The statue was unveiled in March 31 at the Danish West Indian Warehouse in Copenhagen and marks 101 years since Transfer Day, when Denmark sold St. Croix, St. Thomas, and St. John to the United States for $25 million.
The European country never fully acknowledged its colonialist past in the Caribbean; although the Danish government recognizes Denmark’s wrongful role in the slave trade, it has never formally apologized for it
The statue is painted entirely black and rising nearly 23 feet on a hefty pedestal. Thomas is shown seated in a position of power and government.
Thomas was an important leader of the ‘Fireburn’ labour revolt on St. Croix. The Fireburn began on October 1, 1878 as an uprising against the contractual servitude that continued to bind workers to the plantation system after the 1848 abolition of slavery in the former Danish West Indies.
The insurrection was for better working and living conditions and involved burning down most of Frederiksted town as well as sugar cane fields on a great number of St. Croix’s plantations. Along with Mary Thomas, the three women Axeline ‘Agnes’ Elizabeth Salomon, Matilde McBean and Susanna ‘Bottom Belly’ Abrahamsson led the largest labor revolt in Danish colonial history. They were arrested and sent to Denmark in 1882 to serve prison sentences in Christianshavn’s Women’s Prison.

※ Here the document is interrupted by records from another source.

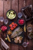 Śledzia walcowane w occie, podawane z cebulą i pikle.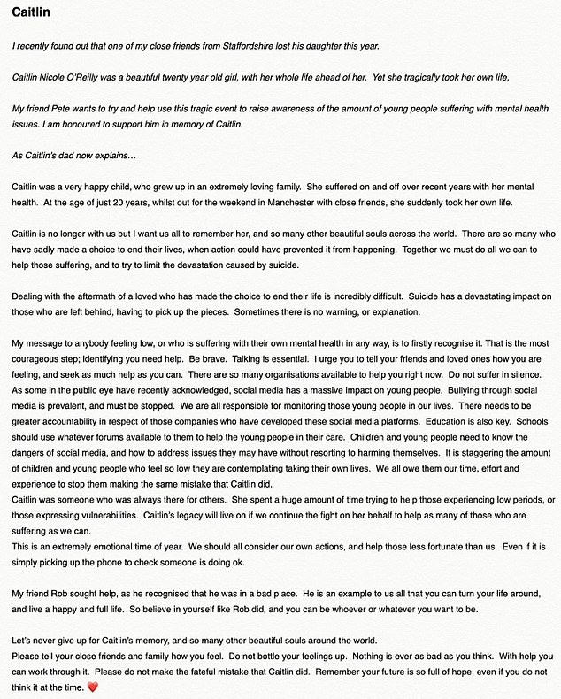 Babai i saj Pete tha: Caitlin ishte një fëmijë shumë i lumtur, i cili u rrit në një familje tejet të dashur. Ajo vuajti gjatë viteve të fundit me shëndetin e saj mendor dhe ndërroi jetë."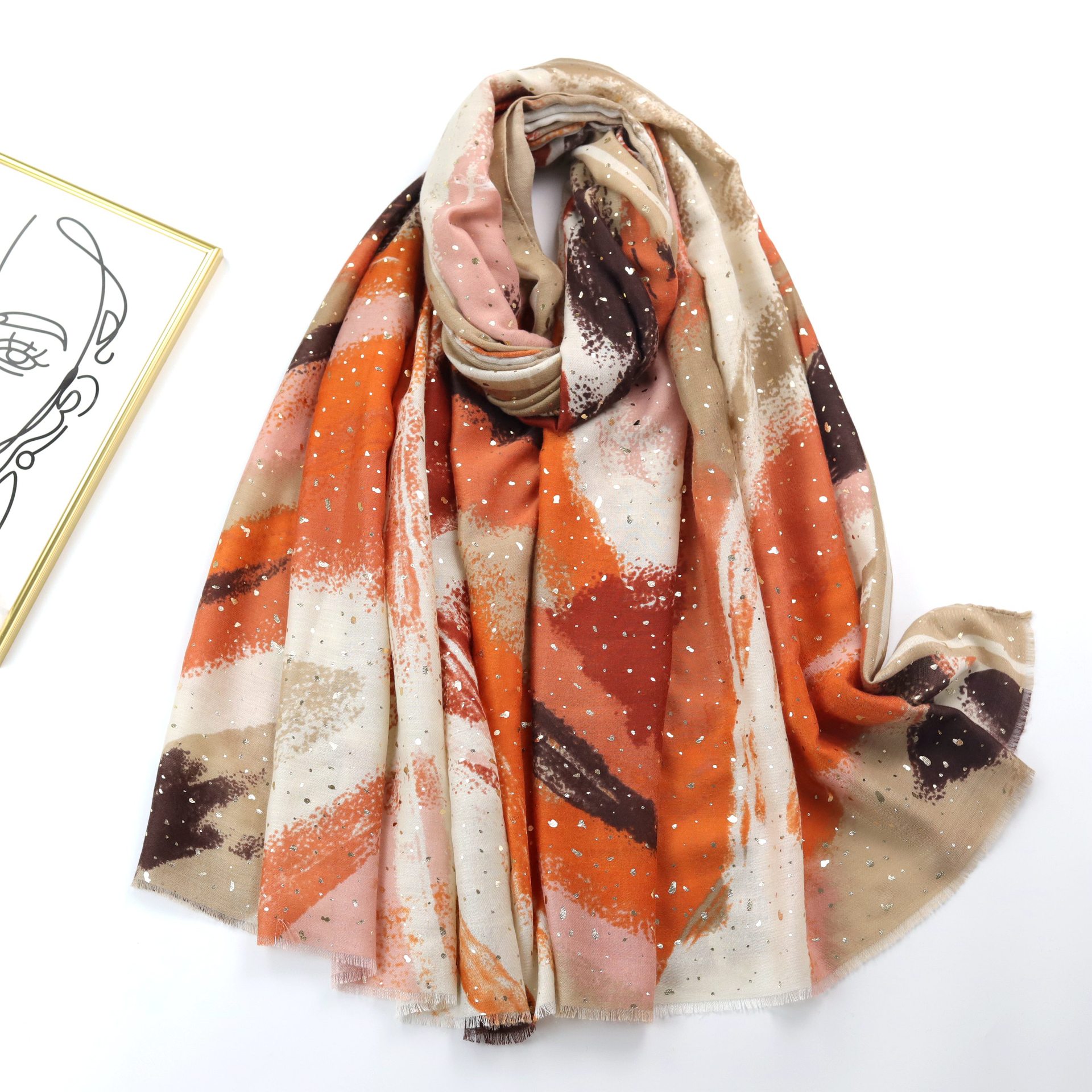 공장 판매 크로스 보더 라이브 브론징 추상 그라데이션 롱 스카프 새틴 코튼 여성 가을과 겨울 스카프 면과 린넨 손 자외선 차단제 숄스토어 가기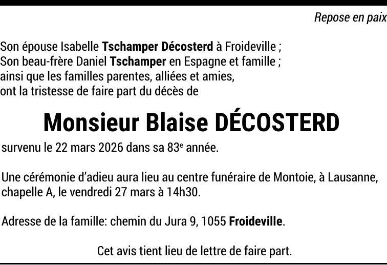 Monsieur Blaise DÉCOSTERD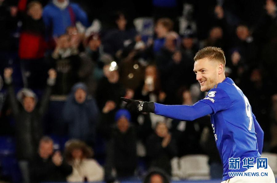 3月9日,莱斯特城队球员瓦尔迪庆祝进球。 当日,在2019-2020赛季英超联赛第29轮比赛中,莱斯特城队主场以4比0战胜阿斯顿维拉队。 新华社/路透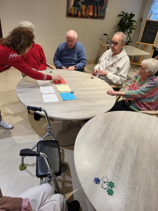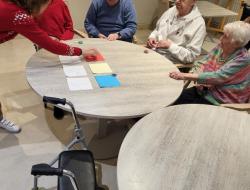 Les résidents ont participé à une activité casino, suivie de chants de Noël qui ont apporté une belle touche festive. Pour conclure, de petites cartes postales décorées et écrites avec attention, ainsi que des marque-pages, ont été offerts aux résidents.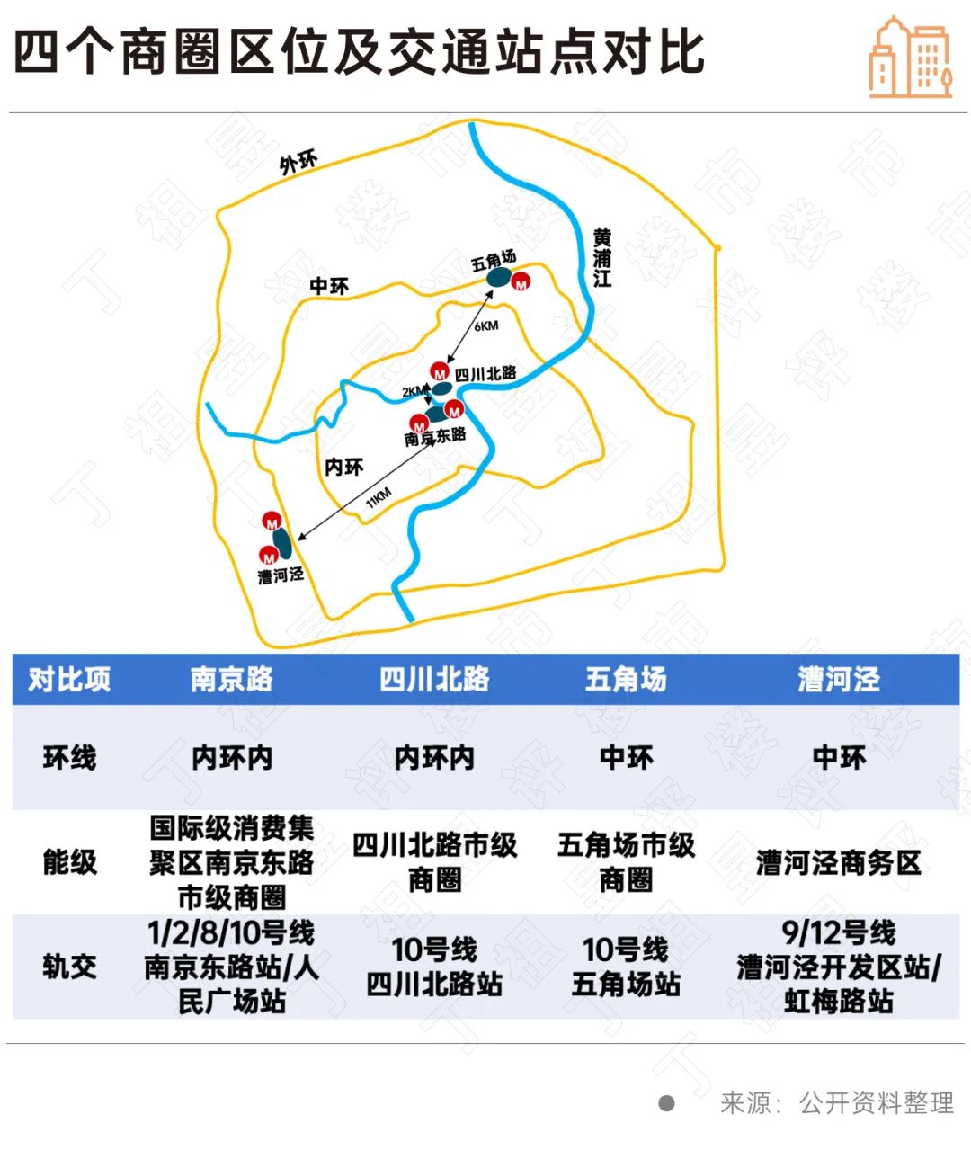 四大商业区(区域)均位于内环或中环,轨道交通便利,具体对比如下图:

Their sentences were later commuted and they were returned to St. Croix and venerated in U.S. Virgin Islands cultural mythology as the Queens of the Fireburn. There are folksongs dedicated to Queen Mary and a highway named in her honor.
Belle, whose roots also extend to Barbados, also teaches at the University of the Virgin Islands and own a few businesses – a Latin dance studio, House of Clave, and a guesthouse, Trumpetbush Manor – with her husband, Rivert Diaz. She moved to St. Croix at age 7.
Her work borrows from elements of architecture, literature, history, archeology and social protest to create narratives that challenge the colonial process.
She is best known for her work reinterpreting the material artifacts of colonialism and uses her work to create a form of alternative archive that challenges the colonial narrative.
Belle has exhibited her work throughout the United States, Europe and the Caribbean in such institutions as the Museum of the African Diaspora, San Francisco, El Museo del Barrio, NY, Arts of the Americas Museum, Washington, DC and the Royal Library of Denmark and the Centro de Wilfredo Lam, Cuba.